-- Opening Marker --

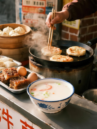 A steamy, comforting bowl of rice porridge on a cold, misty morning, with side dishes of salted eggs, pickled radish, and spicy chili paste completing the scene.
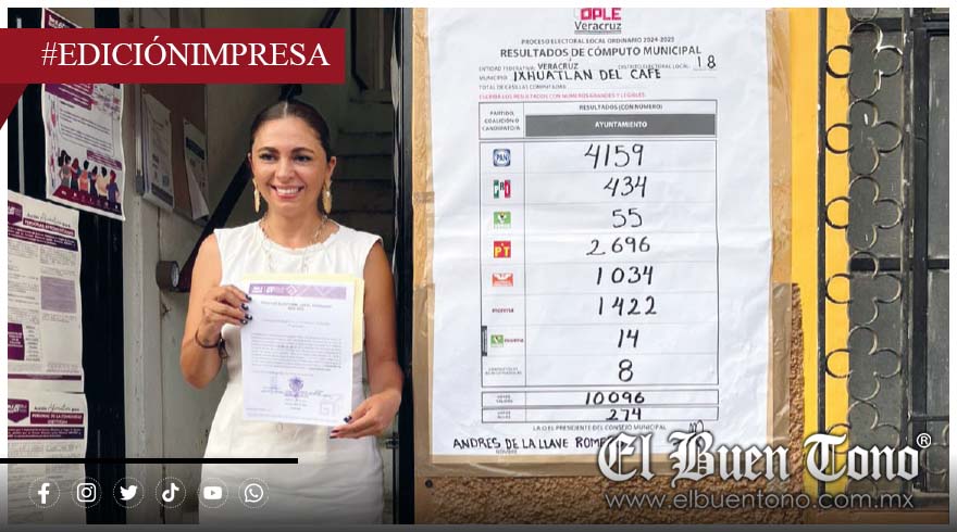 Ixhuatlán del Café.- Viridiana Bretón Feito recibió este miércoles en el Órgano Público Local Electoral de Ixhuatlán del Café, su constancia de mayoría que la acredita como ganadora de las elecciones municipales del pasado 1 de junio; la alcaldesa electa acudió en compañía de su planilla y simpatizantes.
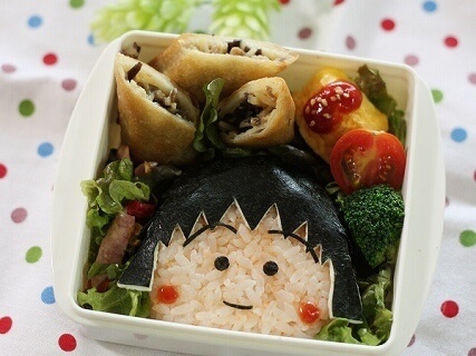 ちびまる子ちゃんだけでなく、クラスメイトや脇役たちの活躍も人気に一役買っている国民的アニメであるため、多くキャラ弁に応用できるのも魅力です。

-- Closing Marker --
-- Opening Marker --

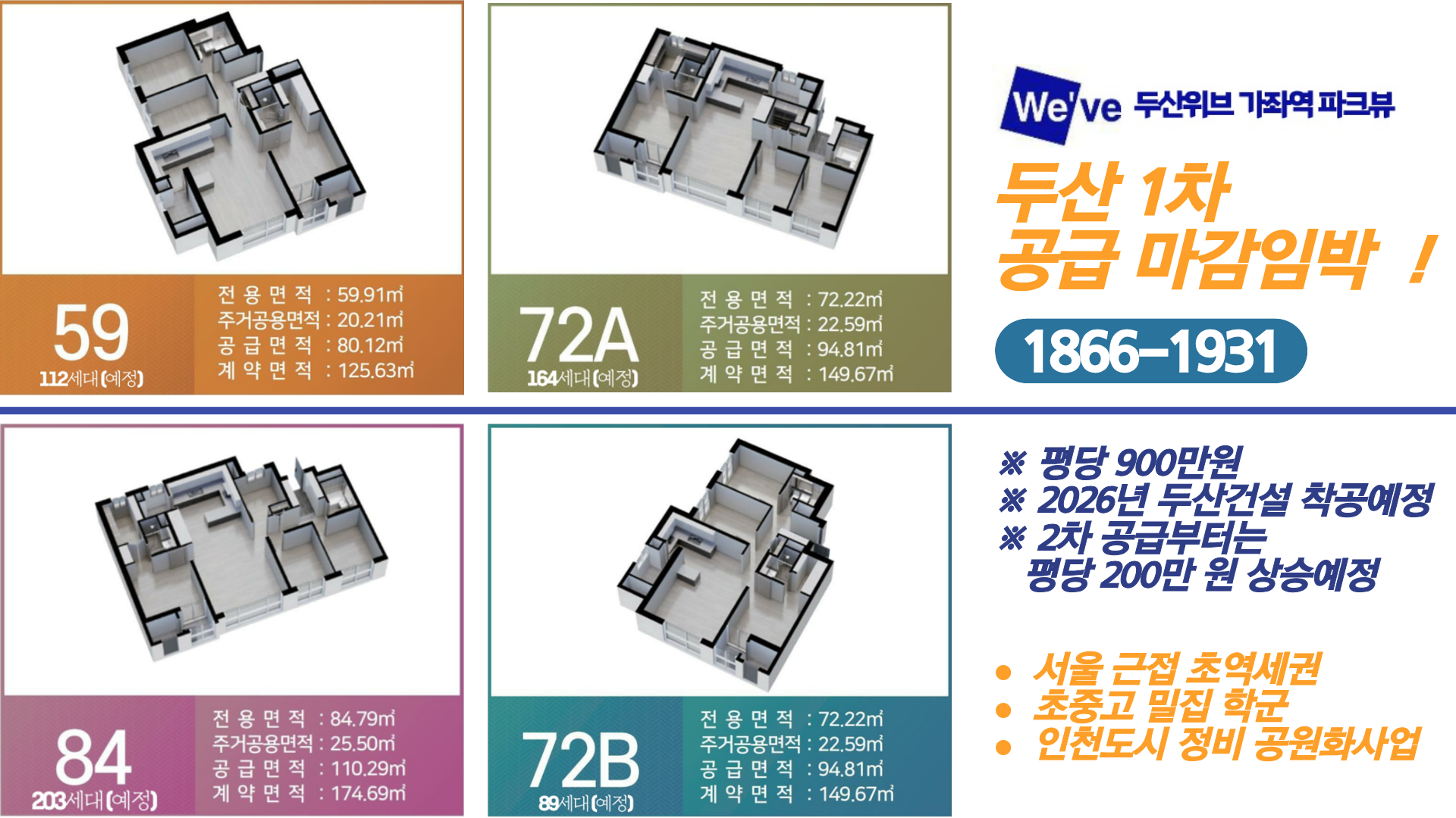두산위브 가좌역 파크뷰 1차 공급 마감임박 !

-- Closing Marker --

Within the listing above, print exactly the stretch beginning at the line that contains "A steamy, comforting" and finishing at the line that contains "ちびまる子ちゃんだけでなく、", ends kept, pictures left out, and nothing more.

 A steamy, comforting bowl of rice porridge on a cold, misty morning, with side dishes of salted eggs, pickled radish, and spicy chili paste completing the scene.
 Ixhuatlán del Café.- Viridiana Bretón Feito recibió este miércoles en el Órgano Público Local Electoral de Ixhuatlán del Café, su constancia de mayoría que la acredita como ganadora de las elecciones municipales del pasado 1 de junio; la alcaldesa electa acudió en compañía de su planilla y simpatizantes.
 ちびまる子ちゃんだけでなく、クラスメイトや脇役たちの活躍も人気に一役買っている国民的アニメであるため、多くキャラ弁に応用できるのも魅力です。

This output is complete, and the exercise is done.